▸ **Items from a dataset**:

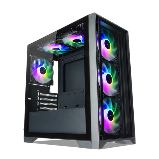 TECWARE NEXUS Air M3 High Airflow MATX Tempered Glass Case (Black) - Pre-installed with 6x12cm ARGB Fans
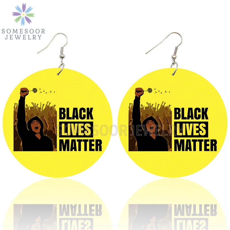 SOMESOOR, африканские деревянные серьги-капельки с изображением черной жизни, с надписью Flight, raсовая различимость сила, кулак, подарки для женщин
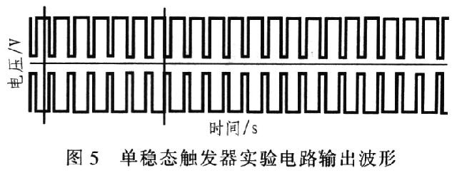 图4为仿真单稳态触发器实验电路,图5为示波器输出波形。在图4的电阻、电容取值下,移动示波器的1、2两个游标测得暂稳态的维持时间为550.702 1μs,利用公式计算:TW=1.1RC=550μs,实验结果与理论计算结果基本一致。
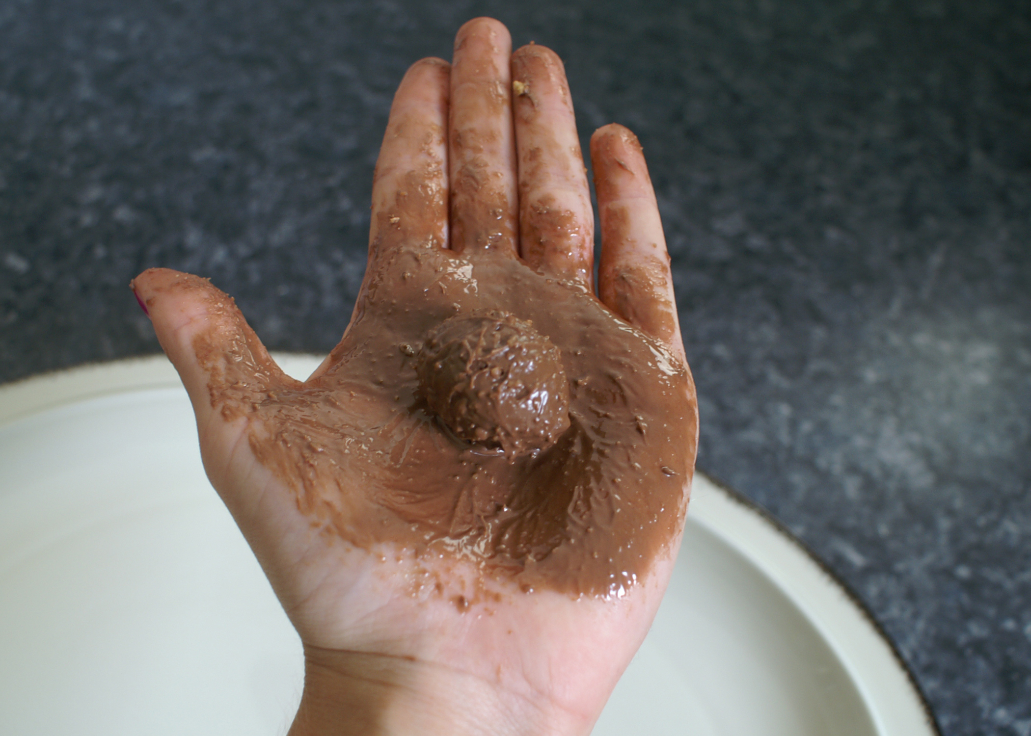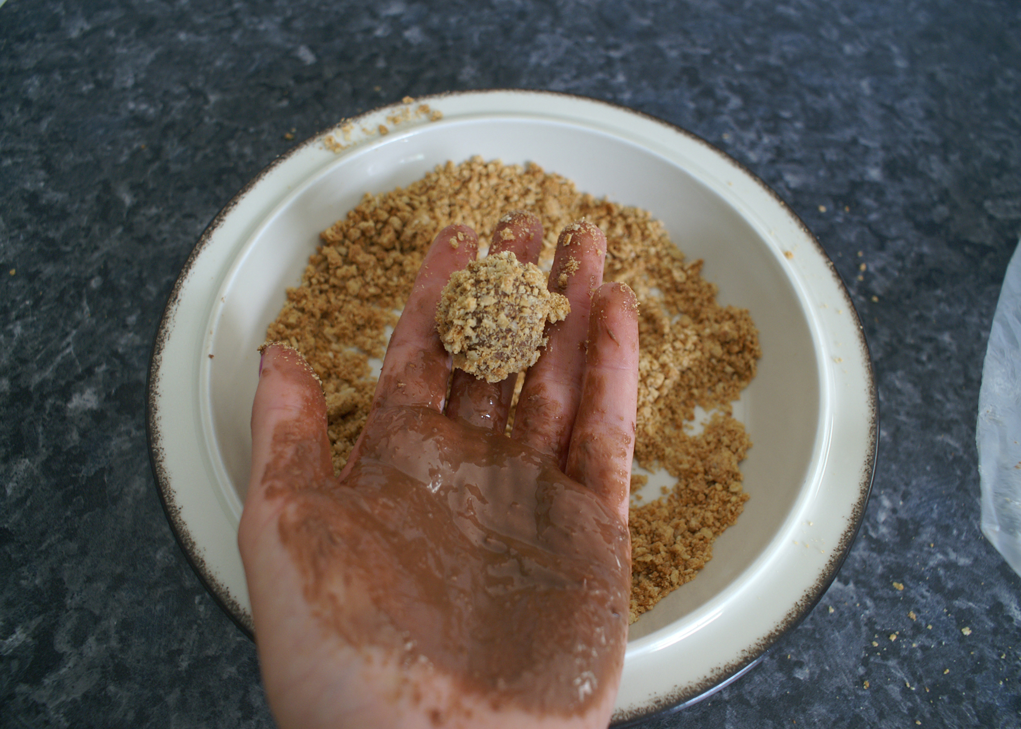 Diese Schokoladenmasse nun für ca. 1h in das Gefrierfach stellen. Sobald die Masse hart ist, herausnehmen. Die restlichen Biskuits auf die gleiche Art wie schon zuvor klein hacken und in in ein Suppenteller geben. Jetzt kann mit dem Formen der Pralinen begonnen werden. Dazu mit einem Teelöffel etwas von der Schokoladenmasse nehmen und in den Händen zu einer Kugel formen. Anschliessend in den zerkleinerten Biskuits wenden und auf einen Teller geben.
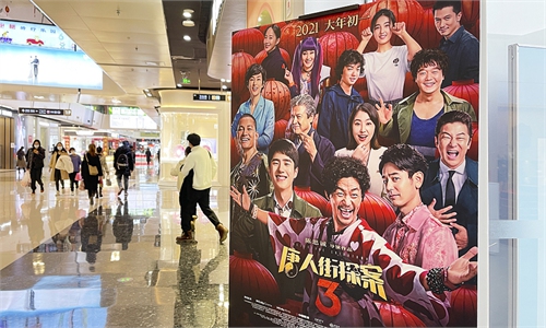 Real-time data from ticket platform Dengta, shows China's box office revenues in 2021 reached 10 billion yuan ($1.55billion) as of Tuesday morning, the day before the end of the Spring Festival movie season.
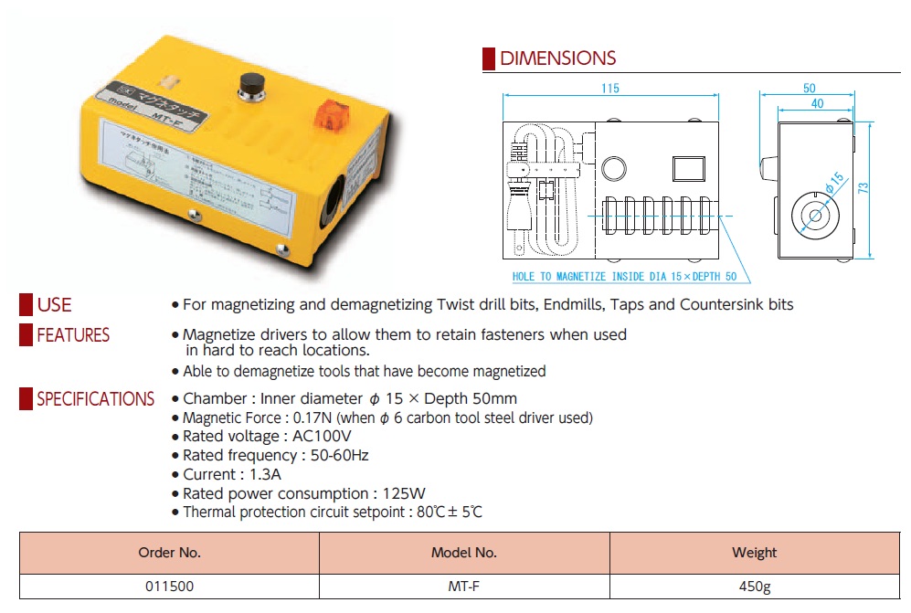 USE ● For magnetizing and demagnetizing Twist drill bits, Endmills, Taps and Countersink bits
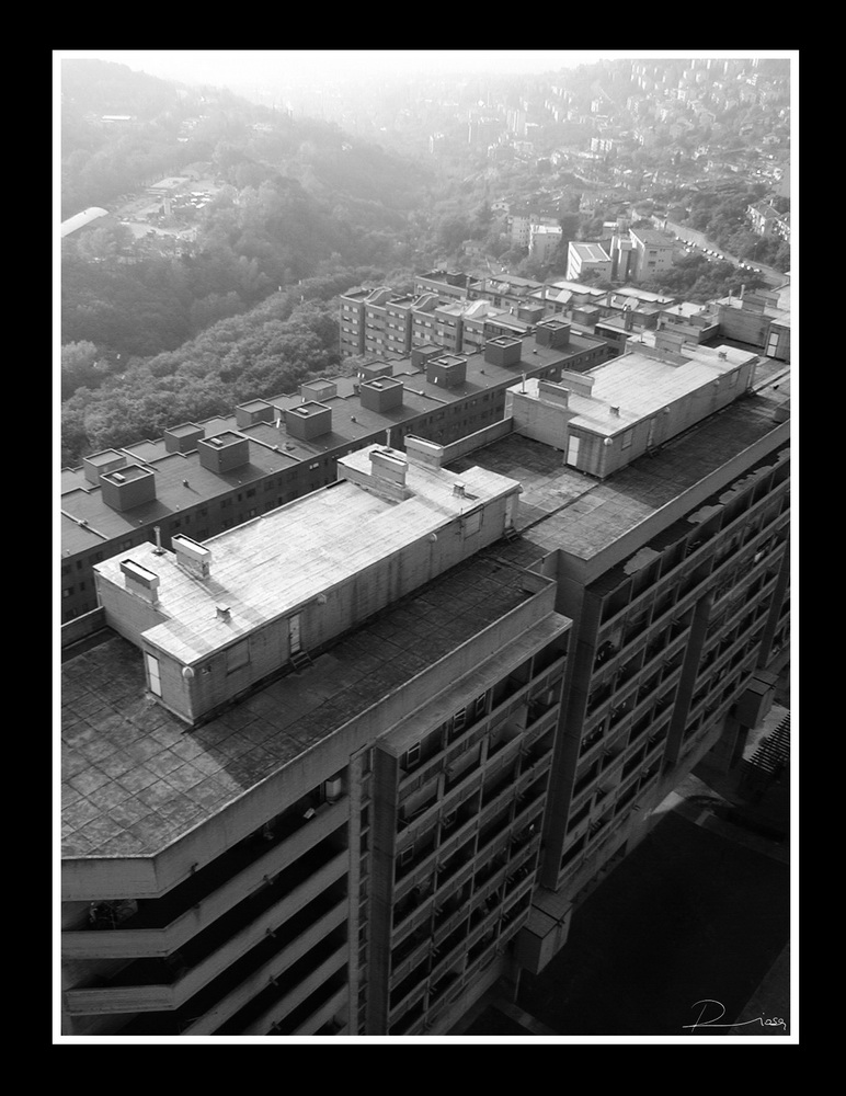 Non avrei incluso così fortemente il paesaggio in fondo, probabilmente mi sarei concentrata solo sulle palazzine aggiustando un pò l'inquadratura, ma volendo includere anche la zona superiore dell'immagine, avrei prestato attenzione alla forte luce.
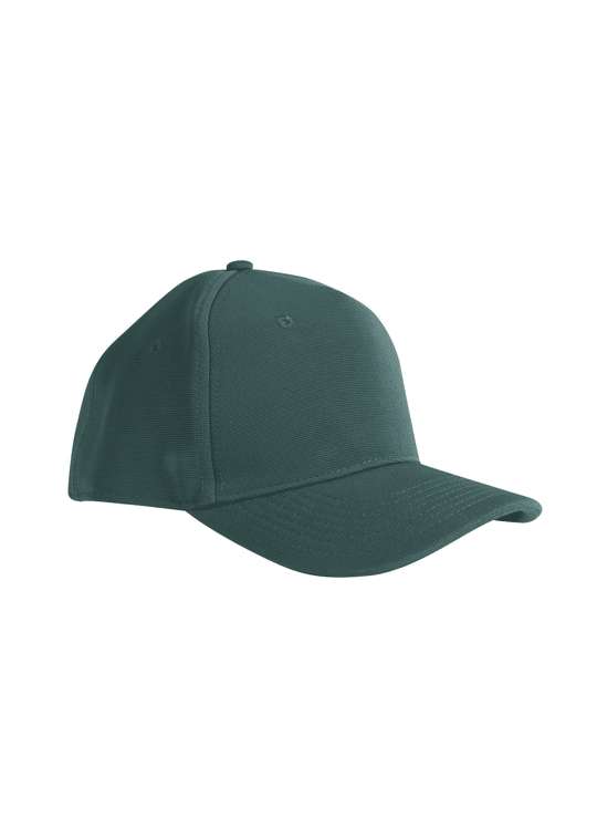 Functionele pet met ventilatieopeningen en zweetband van 100% katoen.; Groot deel gerecycled polyester in het hoofdmateriaal.

▸ **Directions for this task**:
Word for word, quote the lines above. Omit the pictures.

▸ **Answer to the problem**:
 TECWARE NEXUS Air M3 High Airflow MATX Tempered Glass Case (Black) - Pre-installed with 6x12cm ARGB Fans
 SOMESOOR, африканские деревянные серьги-капельки с изображением черной жизни, с надписью Flight, raсовая различимость сила, кулак, подарки для женщин
 图4为仿真单稳态触发器实验电路,图5为示波器输出波形。在图4的电阻、电容取值下,移动示波器的1、2两个游标测得暂稳态的维持时间为550.702 1μs,利用公式计算:TW=1.1RC=550μs,实验结果与理论计算结果基本一致。
 Diese Schokoladenmasse nun für ca. 1h in das Gefrierfach stellen. Sobald die Masse hart ist, herausnehmen. Die restlichen Biskuits auf die gleiche Art wie schon zuvor klein hacken und in in ein Suppenteller geben. Jetzt kann mit dem Formen der Pralinen begonnen werden. Dazu mit einem Teelöffel etwas von der Schokoladenmasse nehmen und in den Händen zu einer Kugel formen. Anschliessend in den zerkleinerten Biskuits wenden und auf einen Teller geben.
 Real-time data from ticket platform Dengta, shows China's box office revenues in 2021 reached 10 billion yuan ($1.55billion) as of Tuesday morning, the day before the end of the Spring Festival movie season.
 USE ● For magnetizing and demagnetizing Twist drill bits, Endmills, Taps and Countersink bits
 Non avrei incluso così fortemente il paesaggio in fondo, probabilmente mi sarei concentrata solo sulle palazzine aggiustando un pò l'inquadratura, ma volendo includere anche la zona superiore dell'immagine, avrei prestato attenzione alla forte luce.
 Functionele pet met ventilatieopeningen en zweetband van 100% katoen.; Groot deel gerecycled polyester in het hoofdmateriaal.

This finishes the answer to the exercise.